Tech Risk Reading Picks

Man in the Prompt Attack: A new cyberattack technique, dubbed “Man in the Prompt” by LayerX researchers, exploits common browser extensions to inject malicious instructions into generative AI tools like ChatGPT and Google Gemini by manipulating their prompt fields in the browser’s Document Object Model (DOM). Because many extensions can read or alter DOM content without special permissions, attackers can intercept, modify, or exfiltrate sensitive data from AI interactions. This would turn LLMs into “hacking copilots” capable of leaking corporate secrets. Proof-of-concept demos showed minimal-permission extensions could stealthily inject prompts, hide evidence, and access confidential data, including integrated Google Workspace content. The attack bypasses traditional security tools, which lack DOM-level visibility, making organisations reliant on AI tools particularly vulnerable. LayerX urges shifting security focus to in-browser monitoring, behaviour-based extension blocking, and real-time prompt protection, while experts warn that securing AI workflows now requires protecting not just the models, but the entire browser-based data path where prompts, sensitive information, and third-party integrations intersect. [more]
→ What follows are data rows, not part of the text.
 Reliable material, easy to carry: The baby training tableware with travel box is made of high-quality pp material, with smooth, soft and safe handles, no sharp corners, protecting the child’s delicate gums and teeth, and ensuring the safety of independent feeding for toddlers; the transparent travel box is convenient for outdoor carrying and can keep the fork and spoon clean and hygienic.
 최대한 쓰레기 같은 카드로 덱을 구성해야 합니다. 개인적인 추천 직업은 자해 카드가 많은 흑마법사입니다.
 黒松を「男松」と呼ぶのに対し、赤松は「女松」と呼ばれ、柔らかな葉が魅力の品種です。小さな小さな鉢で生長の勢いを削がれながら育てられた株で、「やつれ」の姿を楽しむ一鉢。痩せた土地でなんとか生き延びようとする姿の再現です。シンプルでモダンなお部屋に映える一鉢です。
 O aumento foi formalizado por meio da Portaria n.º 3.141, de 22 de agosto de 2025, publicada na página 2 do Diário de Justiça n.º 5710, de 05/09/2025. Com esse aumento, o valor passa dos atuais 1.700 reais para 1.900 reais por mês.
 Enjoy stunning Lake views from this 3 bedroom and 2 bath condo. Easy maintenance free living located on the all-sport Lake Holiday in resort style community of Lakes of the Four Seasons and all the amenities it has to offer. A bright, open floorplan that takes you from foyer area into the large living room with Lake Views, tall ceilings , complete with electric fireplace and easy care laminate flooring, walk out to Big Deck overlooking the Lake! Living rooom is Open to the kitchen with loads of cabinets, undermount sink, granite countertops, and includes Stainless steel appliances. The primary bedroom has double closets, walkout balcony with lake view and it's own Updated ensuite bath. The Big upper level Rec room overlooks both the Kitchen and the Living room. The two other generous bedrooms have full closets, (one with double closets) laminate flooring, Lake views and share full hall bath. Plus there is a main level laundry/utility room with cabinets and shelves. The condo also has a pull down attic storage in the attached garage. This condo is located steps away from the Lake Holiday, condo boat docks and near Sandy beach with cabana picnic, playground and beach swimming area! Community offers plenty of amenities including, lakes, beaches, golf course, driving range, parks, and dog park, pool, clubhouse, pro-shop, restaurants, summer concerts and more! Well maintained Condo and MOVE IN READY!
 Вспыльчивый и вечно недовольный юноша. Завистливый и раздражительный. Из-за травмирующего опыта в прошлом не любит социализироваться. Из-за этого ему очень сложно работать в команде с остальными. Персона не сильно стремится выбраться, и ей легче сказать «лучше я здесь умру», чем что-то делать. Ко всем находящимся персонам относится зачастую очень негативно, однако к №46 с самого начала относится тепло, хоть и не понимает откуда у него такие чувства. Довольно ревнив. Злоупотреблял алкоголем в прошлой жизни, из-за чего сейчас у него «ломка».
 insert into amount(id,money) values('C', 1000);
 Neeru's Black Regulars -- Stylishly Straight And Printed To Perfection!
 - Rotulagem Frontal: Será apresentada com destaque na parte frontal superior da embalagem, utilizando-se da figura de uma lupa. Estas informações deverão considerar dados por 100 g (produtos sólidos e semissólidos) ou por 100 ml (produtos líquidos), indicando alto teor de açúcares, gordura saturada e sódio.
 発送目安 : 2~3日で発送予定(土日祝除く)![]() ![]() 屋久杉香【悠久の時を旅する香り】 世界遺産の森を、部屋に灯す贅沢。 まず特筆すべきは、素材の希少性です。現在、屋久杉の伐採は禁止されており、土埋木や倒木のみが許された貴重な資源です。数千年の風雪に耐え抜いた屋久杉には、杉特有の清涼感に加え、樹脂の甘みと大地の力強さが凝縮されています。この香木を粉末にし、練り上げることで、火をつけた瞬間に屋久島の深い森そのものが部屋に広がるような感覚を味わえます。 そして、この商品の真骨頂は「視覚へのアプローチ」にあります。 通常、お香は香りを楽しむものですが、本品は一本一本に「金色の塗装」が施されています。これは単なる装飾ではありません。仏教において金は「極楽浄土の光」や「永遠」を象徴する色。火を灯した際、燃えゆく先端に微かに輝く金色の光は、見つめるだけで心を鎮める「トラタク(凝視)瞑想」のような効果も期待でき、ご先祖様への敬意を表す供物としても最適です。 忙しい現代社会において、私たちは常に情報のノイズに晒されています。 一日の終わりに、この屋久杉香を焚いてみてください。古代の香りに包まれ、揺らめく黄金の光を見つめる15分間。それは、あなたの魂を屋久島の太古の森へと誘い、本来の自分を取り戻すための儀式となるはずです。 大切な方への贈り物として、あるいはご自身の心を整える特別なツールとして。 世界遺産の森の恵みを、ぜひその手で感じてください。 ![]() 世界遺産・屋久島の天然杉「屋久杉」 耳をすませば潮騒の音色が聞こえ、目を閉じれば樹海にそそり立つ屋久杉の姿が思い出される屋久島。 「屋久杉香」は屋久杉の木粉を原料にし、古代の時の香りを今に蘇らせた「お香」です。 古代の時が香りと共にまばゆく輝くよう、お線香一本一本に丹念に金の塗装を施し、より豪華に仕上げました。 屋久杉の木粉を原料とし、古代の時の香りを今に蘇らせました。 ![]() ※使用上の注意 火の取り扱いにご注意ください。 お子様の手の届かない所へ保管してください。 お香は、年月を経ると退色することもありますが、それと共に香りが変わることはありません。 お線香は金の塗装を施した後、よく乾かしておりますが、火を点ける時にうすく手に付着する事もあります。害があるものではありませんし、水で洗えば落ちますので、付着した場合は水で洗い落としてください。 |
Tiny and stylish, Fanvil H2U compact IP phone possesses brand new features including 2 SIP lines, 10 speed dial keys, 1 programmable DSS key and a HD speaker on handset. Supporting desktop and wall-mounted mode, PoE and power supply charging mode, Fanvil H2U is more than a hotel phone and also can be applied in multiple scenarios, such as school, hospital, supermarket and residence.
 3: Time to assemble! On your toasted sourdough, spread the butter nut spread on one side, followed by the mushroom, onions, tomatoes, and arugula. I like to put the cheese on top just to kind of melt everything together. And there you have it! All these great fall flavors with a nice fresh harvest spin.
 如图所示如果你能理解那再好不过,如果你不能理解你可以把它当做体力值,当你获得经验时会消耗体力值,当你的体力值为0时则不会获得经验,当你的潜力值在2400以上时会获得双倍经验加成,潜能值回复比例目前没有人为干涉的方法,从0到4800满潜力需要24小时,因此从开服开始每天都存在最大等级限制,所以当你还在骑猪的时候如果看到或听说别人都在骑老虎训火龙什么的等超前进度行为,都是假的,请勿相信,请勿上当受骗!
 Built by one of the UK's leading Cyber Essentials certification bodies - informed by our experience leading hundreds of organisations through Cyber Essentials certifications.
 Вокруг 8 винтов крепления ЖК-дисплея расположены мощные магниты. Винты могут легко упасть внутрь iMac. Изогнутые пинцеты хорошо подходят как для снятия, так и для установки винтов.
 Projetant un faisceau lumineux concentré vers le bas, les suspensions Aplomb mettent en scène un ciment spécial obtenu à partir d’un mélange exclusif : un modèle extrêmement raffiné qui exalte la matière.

Searchable ChatGPT conversations (were removed shortly): OpenAI abruptly ended a short-lived ChatGPT feature that let users make conversations searchable via Google, after it was discovered that thousands of private chats. These, include some containing sensitive personal or professional details, were appearing in search results. Although the feature was opt-in and required multiple steps, critics argued the safeguards were inadequate, highlighting a recurring privacy problem in the AI industry, similar to past incidents with Google Bard and Meta AI. [more]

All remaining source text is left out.